Stored dataset items:
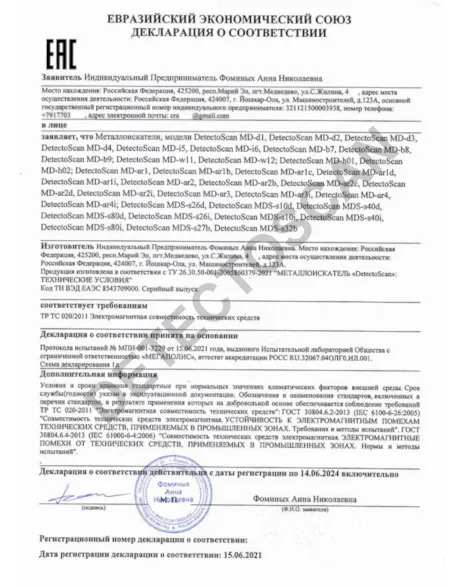 На сайте представлено только 6 (шесть) моделей металлоискателей в ценовом диапазоне от 6 (шести) до 17 (семнадцати) тысяч рублей, а также одна модель пинпоинтера с названием DetectoScan PinPointer, нитратомер DetectoScan Nitrate и дополнительные датчики. Но судя по размещенной на сайте Декларации о соответствии, выданной Евразийским экономическим союзом, который содержит в себе около 40 (сорока) наименований моделей металлоискателей под брендом DetectoScan MD на сайте представлен далеко не весь ассортимент приборов. Как уверяет производитель весь размещенный товар – результат собственных трудов завода - изготовителя (от разработки чертежей и написания программного обеспечения, до сборки и упаковки).
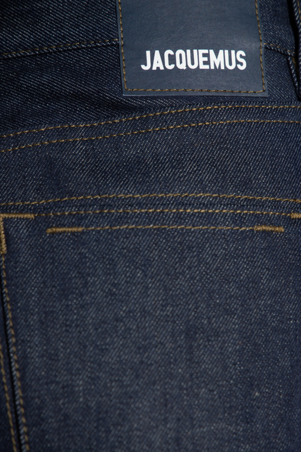 Navy blue ‘Yelo’ jeans from Jacquemus. Crafted from organic cotton, this pair falls with straight legs and features a zip fly with a button, four slip pockets and a logo patch at the back.
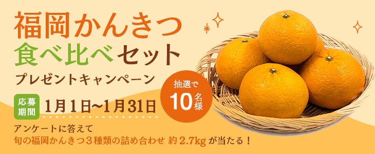 旬の福岡かんきつ3種類の詰め合わせを10名様にプレゼント 2026.01.02JA全農ふくれん‐プレゼントキャンペーン 賞品:旬の福岡かんきつ3種類の詰め合わせ(10名様) 締切:2026年1月31日(土)アンケートに答えてご応募ください。※詳細はキャンペーンページにてご確認ください。応募はこちらから
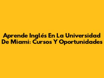 Aprende Inglés En La Universidad De Miami: Cursos Y Oportunidades
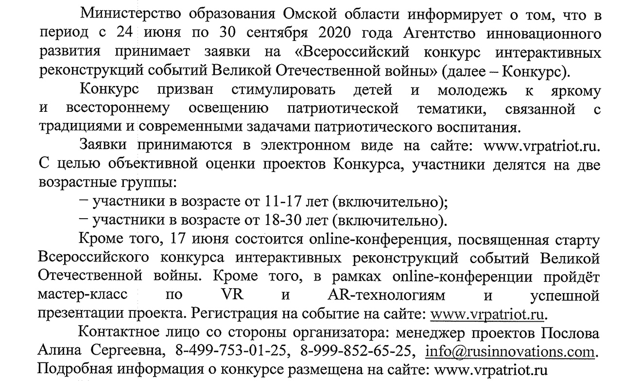 Всероссийский конкурс интерактивных реконструкций событий Великой Отечественной войны
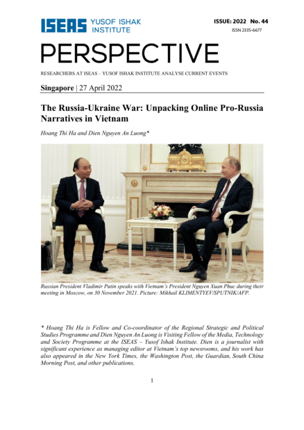 "The Russia-Ukraine war’s ramifications for Vietnam are felt beyond the economic and diplomatic realms. It has in fact become an online hotbed of conflicting and confounding narratives that demonstrate different worldviews and political leanings among Vietnamese netizens. An examination of 28 Facebook pages/groups active in trending pro-Russia narratives finds an ‘echo chamber’ that is on a constant lookout for Russian, Western and even Chinese news sources that peddle and amplify pro-Russia and anti-Western voices. The most salient pro-Russia narratives in Vietnam’s cyberspace revolve around justifying Russia’s invasion of Ukraine, echoing anti-America and anti-imperialist worldviews, and lionising Russia while demonising Ukraine. These online groups have likely carved out a niche for the conservative segment of the Vietnamese state to shape a propaganda environment where there is space for pro-Russia and anti-Russia narratives, so that pro-Ukraine sentiments will not become predominant in the public discourse. Pro-Russia narratives in Vietnam’s cyberspace are the result of cross-pollination between sentimental attachment since the Soviet era, psychological bias towards Russia embedded in Vietnam’s education and propaganda system, and the overriding imperative to preserve the Vietnamese state’s political and ideological interests." (Executive summary)
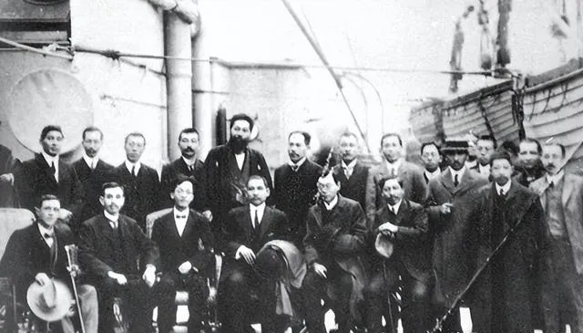 这群穿西装的先生并肩站着,帽子拿在手里,眉眼坚硬,是维新新派或商贾同人的合影,他们把胡子梳得利落,站在甲板上往前看,嘴里不说壮话,脚底却有劲儿,以前船慢,心急,现在网快,心反倒乱。
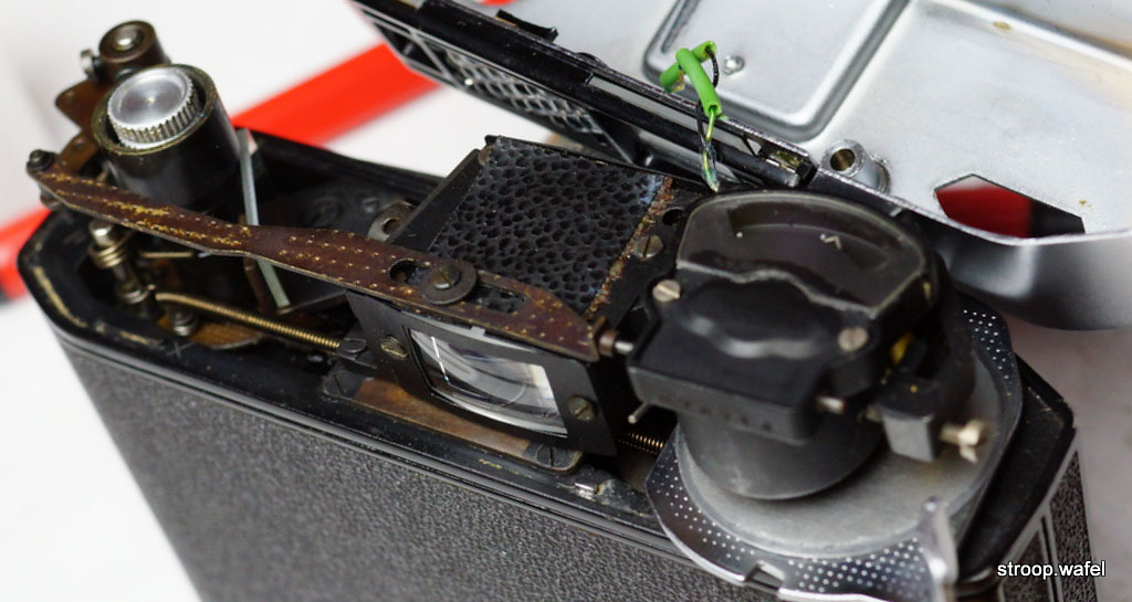 Close-up of the lever mechanism that transfers the exposure settings to the light meter (seen from the back of the camera). Also visible is the very long spring pulling the rapid winder and the rangefinder. The latter can be adjusted through a hole in the top housing which can be accessed by removing the accessory shoe. A small hole in the side of the camera allowed adjustment of the coupled lightmeter.
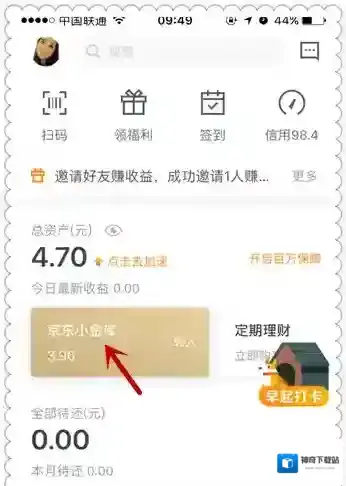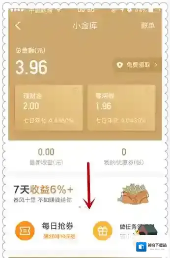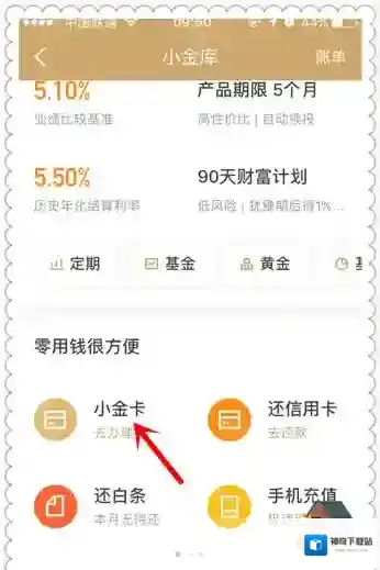 进入小金库界面之后,我们暂时还没有发现“小金卡”的踪迹,接下来我们需要向下滑动。

Work request | Give exactly the lines above that run from the line with "Всероссийский конкурс интерактивных" to the line with "这群穿西装的先生并肩站着,帽", both included, leaving every picture out.

Expected output |
 Всероссийский конкурс интерактивных реконструкций событий Великой Отечественной войны
 "The Russia-Ukraine war’s ramifications for Vietnam are felt beyond the economic and diplomatic realms. It has in fact become an online hotbed of conflicting and confounding narratives that demonstrate different worldviews and political leanings among Vietnamese netizens. An examination of 28 Facebook pages/groups active in trending pro-Russia narratives finds an ‘echo chamber’ that is on a constant lookout for Russian, Western and even Chinese news sources that peddle and amplify pro-Russia and anti-Western voices. The most salient pro-Russia narratives in Vietnam’s cyberspace revolve around justifying Russia’s invasion of Ukraine, echoing anti-America and anti-imperialist worldviews, and lionising Russia while demonising Ukraine. These online groups have likely carved out a niche for the conservative segment of the Vietnamese state to shape a propaganda environment where there is space for pro-Russia and anti-Russia narratives, so that pro-Ukraine sentiments will not become predominant in the public discourse. Pro-Russia narratives in Vietnam’s cyberspace are the result of cross-pollination between sentimental attachment since the Soviet era, psychological bias towards Russia embedded in Vietnam’s education and propaganda system, and the overriding imperative to preserve the Vietnamese state’s political and ideological interests." (Executive summary)
 这群穿西装的先生并肩站着,帽子拿在手里,眉眼坚硬,是维新新派或商贾同人的合影,他们把胡子梳得利落,站在甲板上往前看,嘴里不说壮话,脚底却有劲儿,以前船慢,心急,现在网快,心反倒乱。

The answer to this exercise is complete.